Impressed with Spider-Man, Ollie modifies his tentacles into spider-legs and dons a Spider-Man Halloween costume, calling himself Spider-Kid. Ollie's heroic activities often result in him having to be saved by Spider-Man. He, Frog-Man, and Toad form a short-lived super-hero team called the Misfits. Ollie is eventually convinced to hang up his costume.

While in college, Ollie still fantasizes about being a hero, continuing to invent new weapons and modify his suit. When his girlfriend is attacked and paralyzed by muggers, Ollie seeks revenge and creates the identity of "Steel Spider", utilizing a dark blue costume and new weapons. Steel Spider locates and brutalizes his girlfriend's attackers. He removes his costume, realizing that he never wanted to be a vigilante and would rather build a life with the girl he loves.

During the "Civil War" storyline, Ollie Osnick opposes the Superhero Registration Act. As an unregistered superhero, Ollie is targeted by the Thunderbolts. Venom bites off and eats Ollie's left arm, for which he is reprimanded by Norman Osborn. Ollie survives and is incarcerated in Negative Zone Prison Alpha.

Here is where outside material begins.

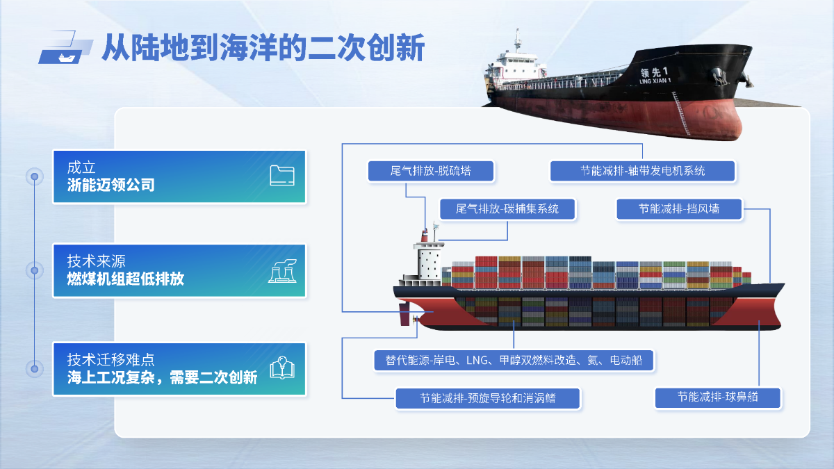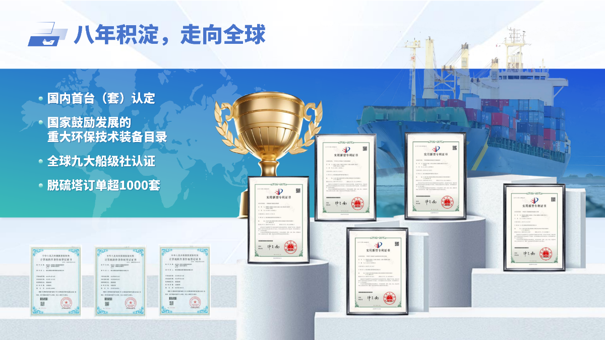 浙能邁領作為浙能集團綠色航運業務的重要平臺,依托浙能集團國家技術發明獎一等獎超低排放技術及相關基礎研究,持續推動船舶環保技術的創新與工程轉化。面向國際海事組織“限硫令”帶來的行業需求,公司逐步創新迭代船舶脫硫技術:攻克形成了海水鎂基二氧化硫吸收強化技術、緊湊型高效洗滌塔等一批科研成果,研發出了全國首套混合式船舶脫硫系統,并獲得全球九大船級社的運行認證。

During the "Heroic Age" storyline, Captain America researches Steel Spider and places his incarceration under reconsideration.

==Powers and abilities==
Ollie Osnick has no superpowers, but he is a gifted inventor with a genius-level intellect. His suit has mechanical spider legs as well as gauntlets that contain a grappling hook launcher and pepper spray blasters.

==Other versions==

Steel Spider in the MC2 timeline.

A possible future version of Ollie Osnick / Steel Spider appears in the MC2 story Spider-Girl #32. Having retained the use of the Steel Spider identity, he modifies his suit into a powerful exoskeleton and becomes a highly respected superhero. However, his wife leaves him, leading to him taking out his frustrations on criminals. After helping Spider-Girl and American Dream defeat the Sons of the Serpent, Osnick reforms and sets about rebuilding his personal life.

==In other media==
===Television===
- Ollie Osnick / Steel Spider appears in Ultimate Spider-Man, voiced by Jason Marsden. This version is a teenage prodigy from Boston and a fan of Spider-Man.
- Steel Spider appears in Spider-Man, voiced by Josh Keaton. This version is a student at the Osborn Academy. After joining their Osborn Commandos, Doctor Octopus brainwashes them and Spider-Man to form the Sinister Six only to be thwarted by Harry Osborn / Hobgoblin.

===Video games===
Steel Spider appears as a playable character in Spider-Man Unlimited.